- _DATA_
++++++++

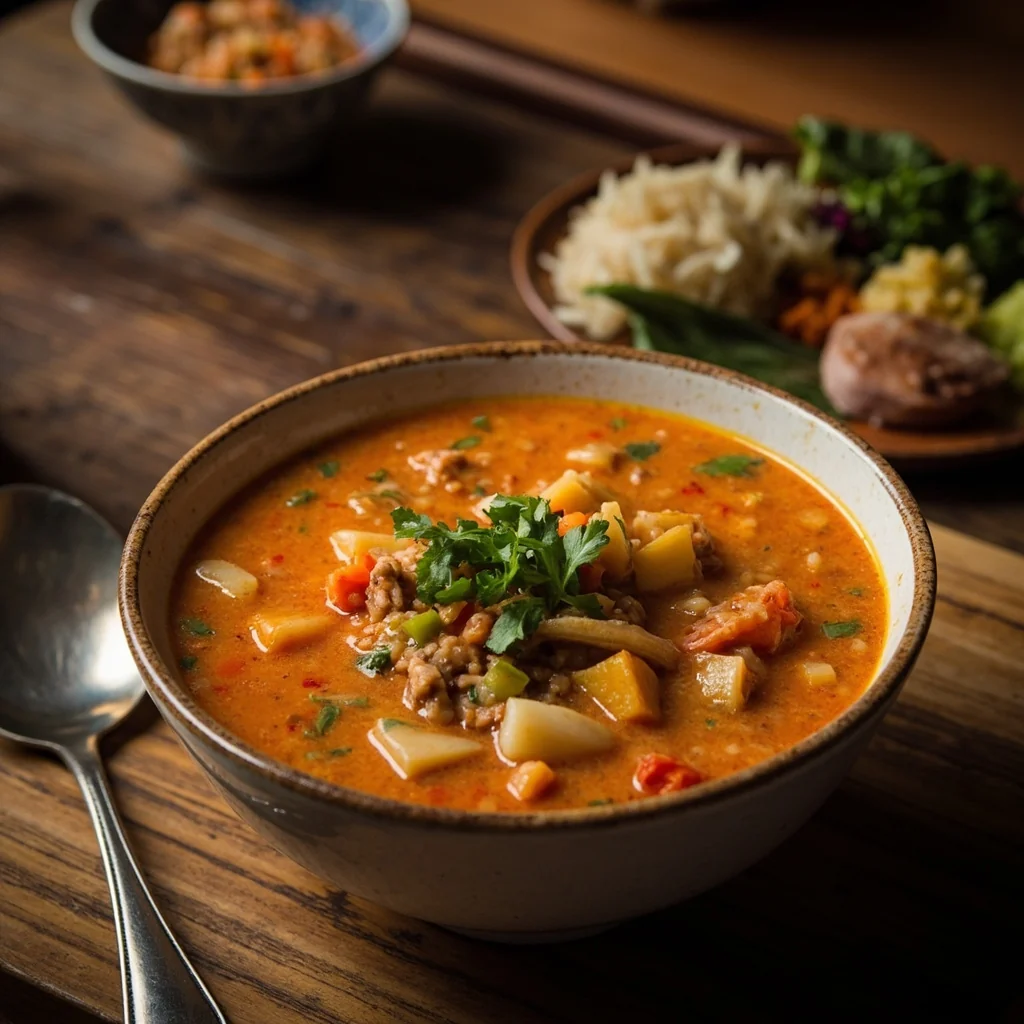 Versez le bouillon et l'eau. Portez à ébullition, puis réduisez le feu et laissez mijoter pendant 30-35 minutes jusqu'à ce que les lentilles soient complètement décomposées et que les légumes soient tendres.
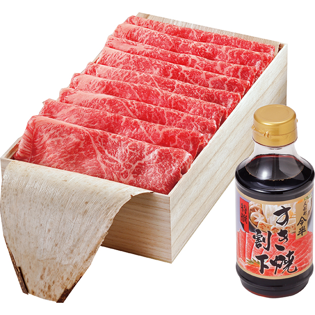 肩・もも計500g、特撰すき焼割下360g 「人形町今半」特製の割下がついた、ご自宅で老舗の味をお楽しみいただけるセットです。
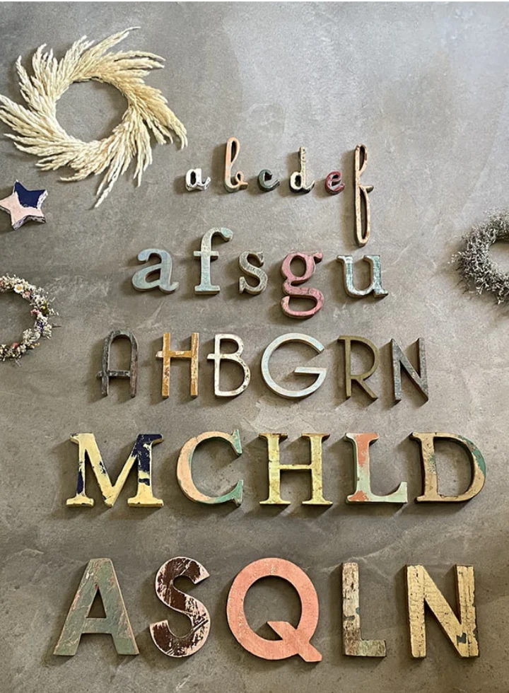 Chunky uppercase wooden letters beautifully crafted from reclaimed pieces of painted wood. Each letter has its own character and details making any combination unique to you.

++++++++

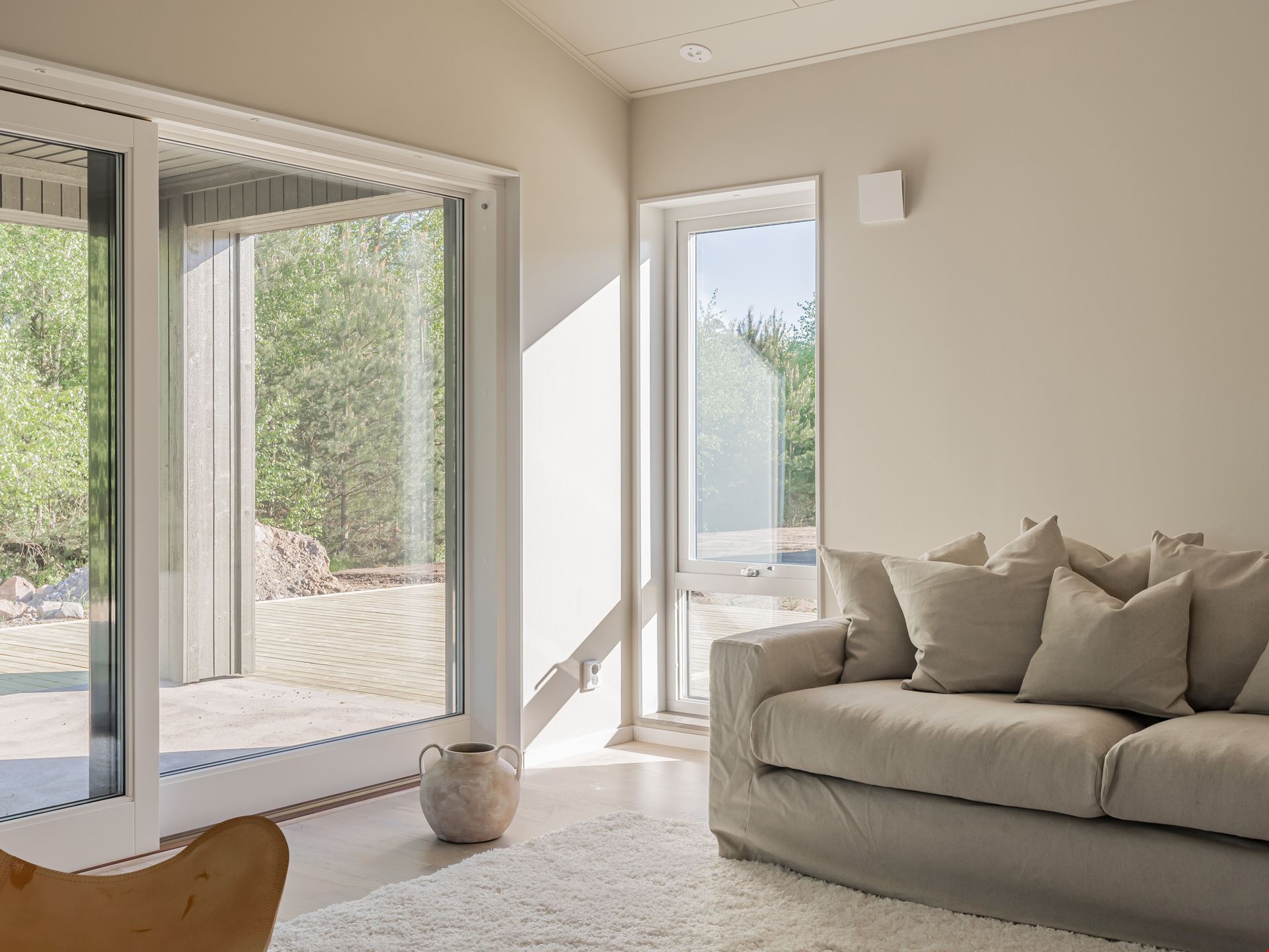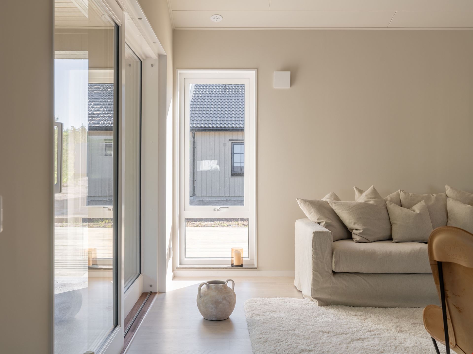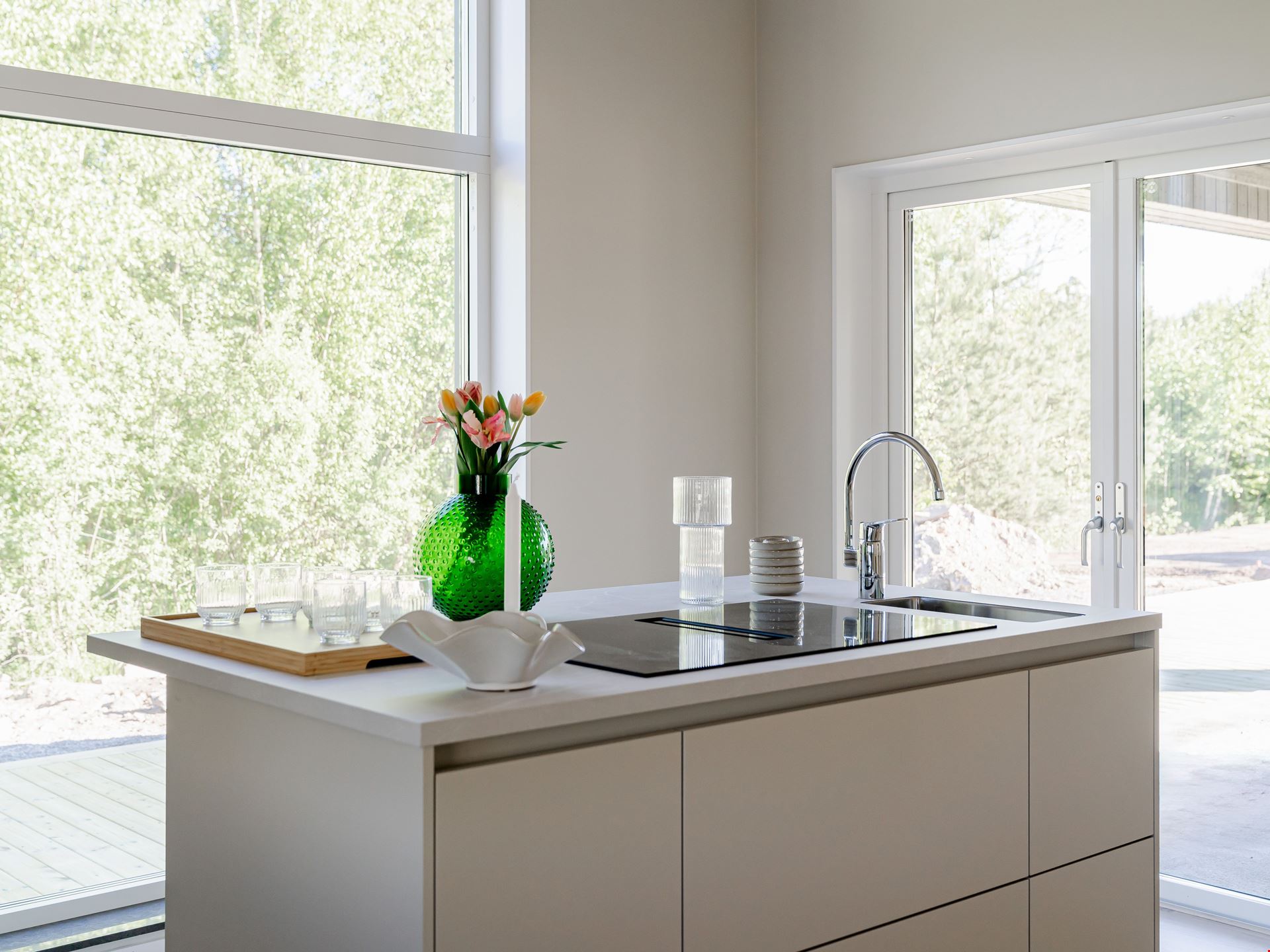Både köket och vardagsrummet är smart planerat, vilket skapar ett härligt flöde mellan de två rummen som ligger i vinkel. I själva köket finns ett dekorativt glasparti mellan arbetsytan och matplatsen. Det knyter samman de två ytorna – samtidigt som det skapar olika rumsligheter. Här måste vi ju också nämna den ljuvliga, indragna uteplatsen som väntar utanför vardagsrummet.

++++++++

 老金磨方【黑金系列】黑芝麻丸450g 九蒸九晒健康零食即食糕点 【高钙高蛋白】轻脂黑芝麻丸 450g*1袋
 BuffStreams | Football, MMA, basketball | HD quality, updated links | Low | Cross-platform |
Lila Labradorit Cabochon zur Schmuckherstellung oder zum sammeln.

++++++++

- _TASK_
Only one stretch of the records above is wanted: the lines between the one holding "老金磨方【黑金系列】黑芝麻丸450g 九蒸九晒健康零食即食糕点 【高钙高蛋白】轻脂黑芝麻丸" and the one holding "Lila Labradorit Cabochon", inclusive, reproduced exactly.

- _SOLUTION TO THE PROBLEM_
 老金磨方【黑金系列】黑芝麻丸450g 九蒸九晒健康零食即食糕点 【高钙高蛋白】轻脂黑芝麻丸 450g*1袋
 BuffStreams | Football, MMA, basketball | HD quality, updated links | Low | Cross-platform |
Lila Labradorit Cabochon zur Schmuckherstellung oder zum sammeln.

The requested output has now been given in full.